A large woman’s corpse lay on its back on one of the tables, her dark hair showering over the raised end of the table. The body was the color of spoiled meat, and was split open from chin to Venus mound. Bones, in a white butcher’s apron and wearing yellow gloves, was leaning over the corpse, digging around in the cavity, and dictating to the stenographer. He looked over the top of his glasses when I stuck my head through the swinging doors of the examination room.
“Zeke, m’boy,” he said cheerily. “Want to take a look? See what cyanide does to the innards?”
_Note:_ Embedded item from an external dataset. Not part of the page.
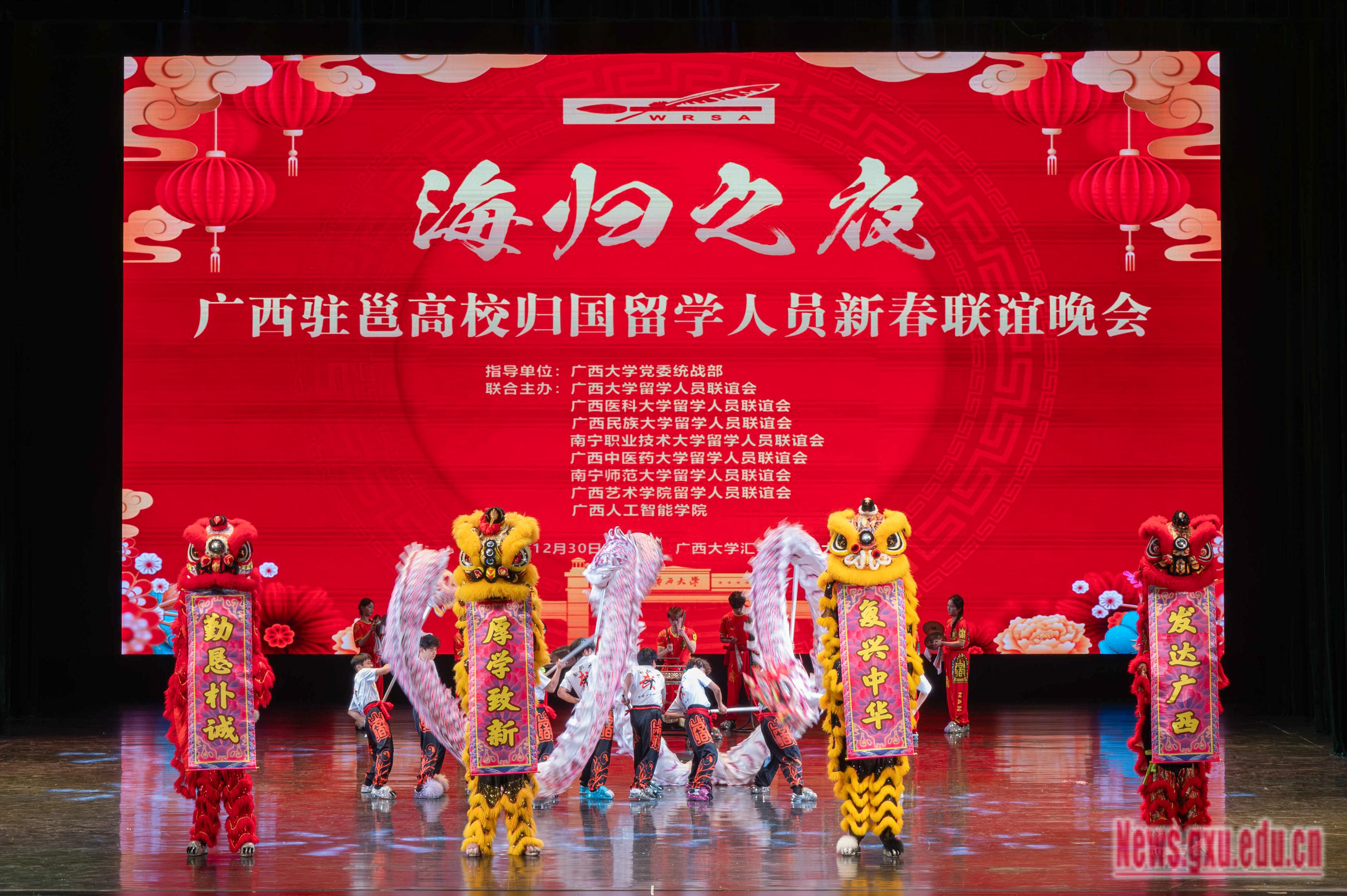 Đêm giao lưu năm mới của cán bộ, trí thức du học trở về từ các trường đại học đóng tại Nam Ninh năm 2025 đã được tổ chức vào ngày 30 tháng 12 tại Hội trường Huixuetang, Đại Học Quảng Tây. Bà Đặng Quyên Quyên, Phó Giám đốc Ủy ban Dân tộc và Tôn giáo Khu tự trị Dân tộc Choang Quảng Tây, đã tham dự sự kiện. Cùng tham dự còn có ông Tiêu Kiến Trang, Hiệu trưởng Đại Học Quảng Tây; ông Giản Hưng Siêu, Bí thư Đảng ủy Trường Đại học Kỹ thuật Nghề nghiệp Nam Ninh; ông Ninh Húc Sơ, Phó Bí thư Đảng ủy Đại Học Quảng Tây; và ông Phùng Gia Huân, Chủ tịch Hội Liên hiệp Du học sinh trở về của Đại Học Quảng Tây, đồng thời cùng tham gia các hoạt động trong chương trình.

“I’ll take your word for it.”
He stopped what he was doing and told the steno, whose name was Judith, to take a break. She stood primly, straightened her skirt, and left the room through a door on the far side. Bones peeled off the gloves, turned off the light over the table, and pulled off his gown. He dropped gown and gloves in a large trash bin near the door.
“Feelin’ any better? You look like hell,” he said.
“I sprung a couple of ribs,” I said.